Полная версия
Год беспощадного солнца. Роман-триллер
Что-то защемило у Мышкина за грудиной, и так печально защемило, что он не нашёлся, как и что ответить Ладочникову. Хоть он и освоил кое-как роль холодного циника, но сегодня не получилось. Защемило и в носу. Мышкин взял салфетку, которой Ладочников только что протирал монитор, высморкался в неё и швырнул в корзину.
– Спасибо тебе, старина, – с чувством сказал он.
– Благодарить будешь, когда получишь результат.
Тут Сергей Ладочников неожиданно помрачнел и затих, и вид у него был такой, словно он что-то взвешивал на невидимых весах в своей голове, но при этом знал, что весы врут, а других весов у него нет.
Дмитрий Евграфович ждал – внимательно и почтительно. Он думал, что Ладочников, конечно, скрытый психастеник, как большинство людей, занимающихся делом неясным, но требующим большого душевного напряжения. Понятно, Ладочников человек творческий, следовательно, плохо управляемый. Судьба таких людей – постоянно пребывать в зоне повышенной опасности, о чем они, как правило, не задумываются, потому что для них опасность – естественное состояние.
– Скажи мне, друг Дима, – заговорил Ладочников. – Какая категория социальных отношений, как принцип всей жизни, стала определяющей для нашего счастливого времени? Даю пять секунд на размышление.
– Не надо, – ответил Мышкин. – Я тоже думал над тем же. И вычленил две категории.
– Ну и?
– Предательство и безграничная жестокость к ближнему. И дальнему тоже. Вот две.
– Ответ неверный. Поправляю: не простое предательство, а тотальное. Предательство как условие существования общества и функционирования государства. Оно везде – в политике, в бизнесе, в дружеских и в семейных отношениях. Но самое отвратительное не это.
– Что может быть более отвратительным? – усомнился Мышкин.
– Сошлюсь на себя. Самое отвратительное в том, что состояние тотального предательства стало для нас привычным. Как и двадцатилетний непрерывный антисоветский и антисталинский вой демокрастов, либерастов и едросов. Оно не удивляет. Я уже не боюсь предательства отовсюду и от всех. Страх прошел, появилась привычка. И я привычно жду сволочизма каждый день со всех сторон. Но ещё гнуснее то, что я чувствую себя тоже вполне готовым на предательство. И боюсь, что скоро совершенно перестану бояться предать кого-нибудь. И только когда думаю, что придется за все ответить на том свете, каким-то чудом еще удерживаюсь.
– На каком – на том? – Мышкин вспомнил разговор с Волкодавским.
Но Ладочников отмахнулся.
– Он у каждого свой, – ответил он и включил компьютер.
На мониторе появились две красотки – одна вся в чёрном, другая в белом.
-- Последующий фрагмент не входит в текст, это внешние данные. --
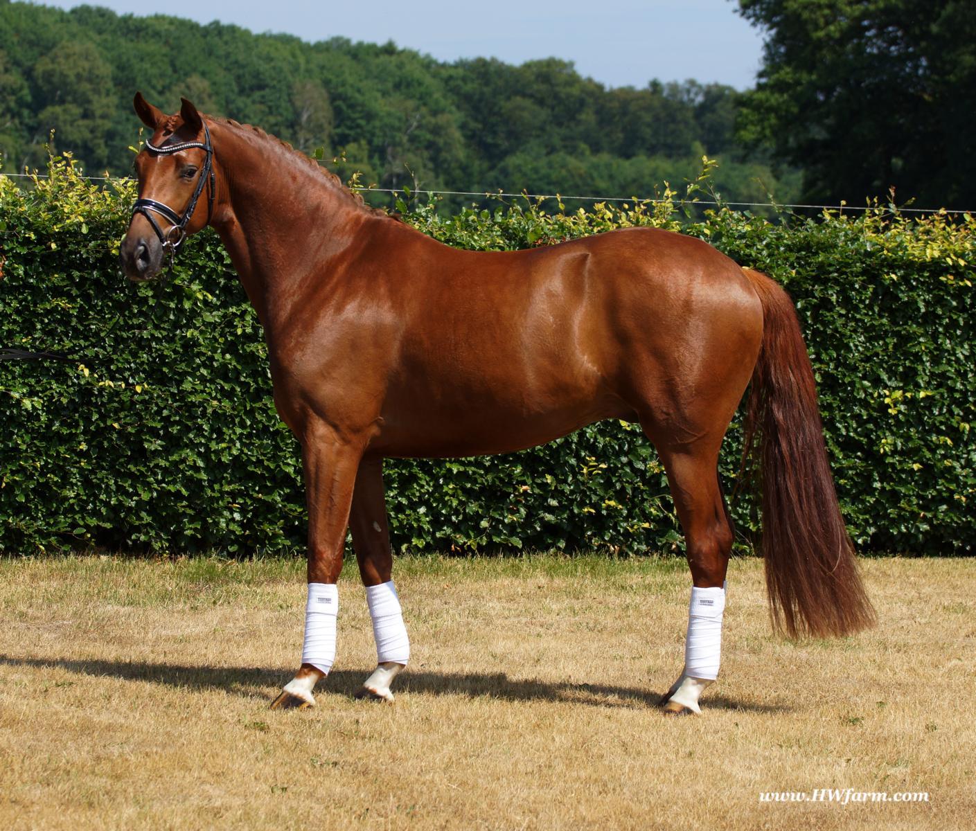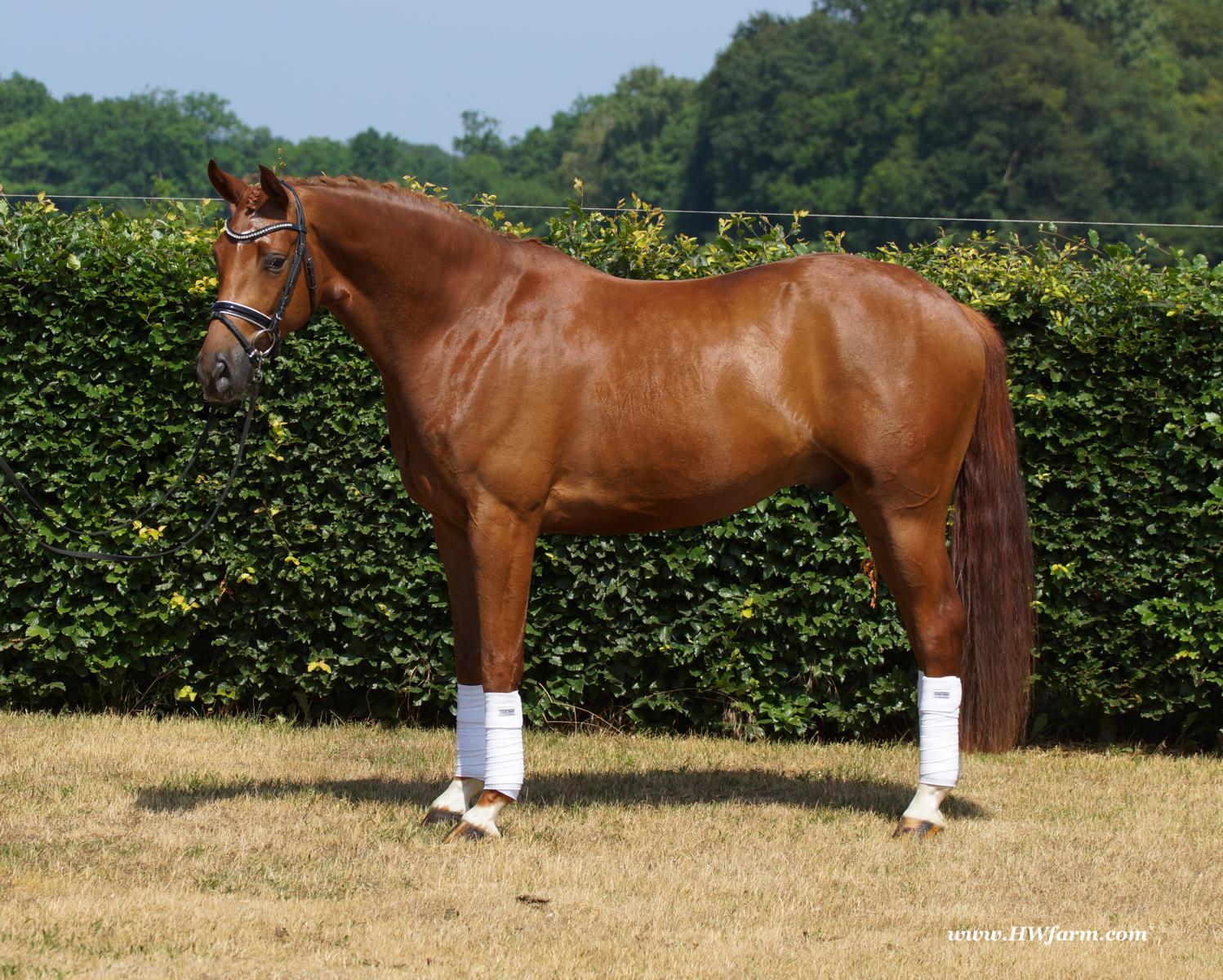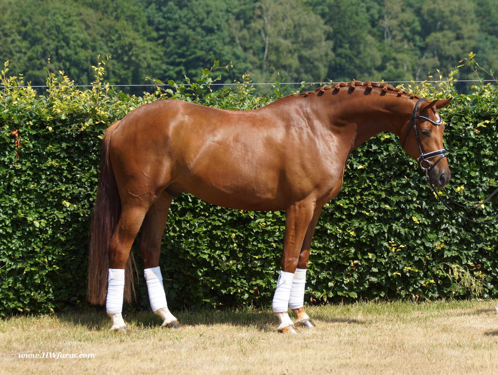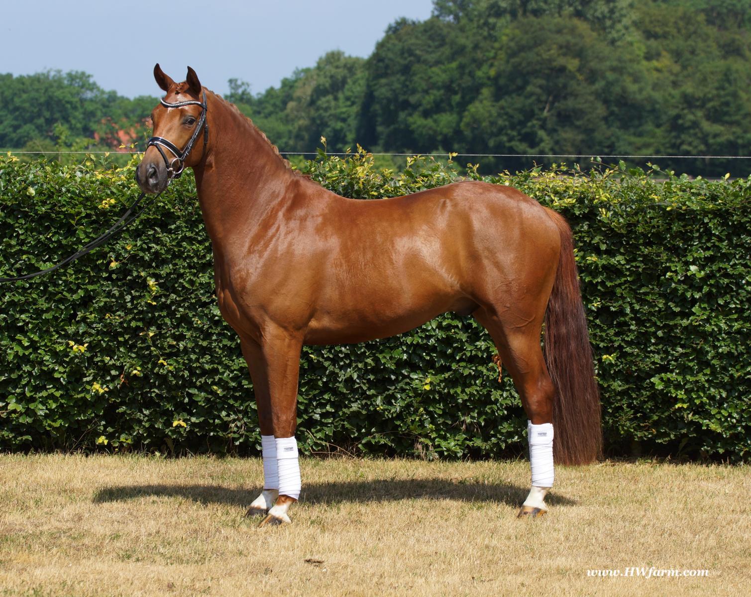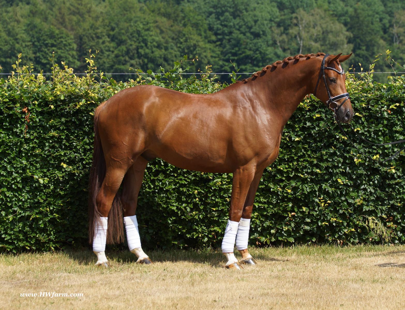 ForFun HW, chestnut Westphalian gelding, by For Romance (Fuerst Romancier / Sir Donnerhall II)/Bundeschampion Dresemann, born in 2014, standing approximately 169 cm or 16.2 hands. ForFun HW is by the famous stallion For Romance - the epitome of a model sire - and from a Voltaire dam line that has been accorded great success. Blessed with three excellent gaits, his canter and trot can only be described with superlatives and his character is also noteworthy. He stood out brilliantly in the strong lot of stallions at the 2011 Oldenburg Verband licensing and the enthusiastic spectators in Vechta gave him standing ovations. As expected, For Romance passed his 30-day test in Schlieckau with super scores. He received a 9.25 for his trot and rideability, a 9.0 for his canter and an 8.88 for character. In the third generation of his pedigree you find Don Schufro who took the Danish Champion title and won team bronze at the 2008 Olympic Games in Hong Kong under Andreas Helgstrand/DEN. He is also the sire of many champions. For Romance's dam line goes back to Voltaire, a Furioso II son who was well-known in breeding and sport the world over. This line is also the origin of the licensed stallions Dusty, Furinos and Platino as well as many international sport horses that were highly successful in show jumping as well as dressage. His sire, Fürst Romancier, was licensed in 2007 and made headlines just two years later when he took fourth place in the World Championships for young dressage horses in the class for five year olds and also fourth place at the Bundeschampionate in Warendorf. Matthias Alexander Rath has taken over Fürst Romancier's training, in 2012. For Romance's full sister Fasine took the Oldenburg Champion Mare title - a feat that is so far unique in the history of the Oldenburg Verband. The dam's sire, Sir Donnerhall I, gained trademark status early on in his career. He was the 2nd Reserve Champion at his licensing, State Champion, the record-breaking winner of his stallion performance test, Vice World Champion of young dressage horses and Bundeschampion as well as the main premium winner of stallions with emphasis on dressage. More than 50 of his sons have been licensed. In 2010, three of his progeny took Vice Bundeschampion titles in Warendorf: Silbermond - the NRW Champion Stallion, Appassionata and the licensed Snap Shot. He has also siree numerous top auction horses. Dresemann is ForFun HW's dam sire, a pitch black dance master, with fascinating in and exterior. He won the Bundeschampionate with the highest points (four 10's) ever given by judges at that show. An elegant gentleman, with an near unmatched movement. His bloodlines combine the famous Donnerhall and Weltmeyer lines, the most influential and important genes of the presence. The black sire Daidalos was Landesridinghorse Champion in Hanover/Bremen. He was successful in Dressage classes, winning under Heiner Schiergen all the way to the Bundeschampionat. Dresemann was the sensation at the Bundeschampionat 2002: Dresemann, under Elisabeth Niehues-Rembeck, a sight that will be unforgettable. He qualified already with the highest scores of 8.8 and it was obvious, that he would be in the finale. This dream in black, got the highest scores ever given out at the Bundeschamiopnat by the guest riders and was totally the sensation of the year: - Trot 10,0 - Canter 10,0 - Walk 8,5 - Conformation 9,5 - Overall Impression 9,5 - Guest Rider I 10,0 - Guest Rider II 10,0 After this perfect performance, he was named Bundeschampion of the 3 year old riding horse stallions, with a total of 67.5, followed by 2nd place with 63. What an obvious victory that was. His dam St. Pr. St. Whitney had a stellar mare performance test. Dam sire Wolkenstein II was the Bundeschampion and stallion performance test winner. His breeding index is the most successful of all Weltmeyer sons. The picture per-fect beautiful black Dresemann in third Generation was educated up to Grand Prix and a very highly sought after stallion in Celle as well as in France. The grand dam Gina is a sister to the famous Dillenburg stallion Grafenberg. Via Grenadier, Lugano I, Wöhler, Poet xx, Jason ox, he has the best genes you could be looking for. Keuring in NRW December Münster Handorf. This stellar stallion came in with a score of 8.33 as 3rd place out of 33 participants. His ride ability, trot and canter, were 1st place, no doubt. In the year 2003, he was victorious in many dressage horse classes. In 2004, Dresemann participated at the world young horse championships in Verden as well as being in the finale of the Bundeschampionat 5 year olds. In 2005 as well, Dreseman was able to continue his successful career, finale of the world championships of the young dressage horses in Verden as well as finale of the Bundeschampionships for 6 year old dressage horses. Dreseman then was highly placed all the way up to dressage horse classes Intermediare I. In 2007, his breeding index of 160 was one of the best in the riding horse books. In the meantime he was trained all the way to Grand Prix, there is no limit to what this horse can do. ForFun HW himself, is a stunning horse has all the personality a person could ever hope for, he's easy to ride and handle, no wonder with these bloodlines!!! ForFun HW is already at second level, with fluent counter canter and the flying changes will be easy for him. This boy is far advanced in his training and he shows super nice extensions and airtime. Check out his amazing hind leg, reaching far under his body and lifting it up in the air with ease. He just glides and barely touches the ground. Ridden inside and outside, always giving 100%, no matter what he's asked to do. He loves to please his handler and rider, to learn new things is his hobby. This sweet boy, enjoys to work eagerly under saddle. All concentrated on his job in the dressage arena and with his quick hind leg, passage and piaffe will come naturally to him. ForFun HW is supple and

Прозвучали первые симфонические аккорды «Гренады» – великолепного шлягера Агустина Лары, мексиканца, сочинившего лучшую испанскую песню на все времена. Дмитрий Евграфович загорелся, даже стал подпевать:
Granada, tierra ensangrentada en tardes de toros;Mujier que conserva el embrujo de los ojos moros,De sueno rebelde y gitana, cubierta de floresY beso tu boca de grana jugosa manzanaQue me habla de amores…25Ладочников кисло поморщился: у Мышкина совершенно не было слуха. Но он страстно любил музыку – такое нередко случается с «глухарями».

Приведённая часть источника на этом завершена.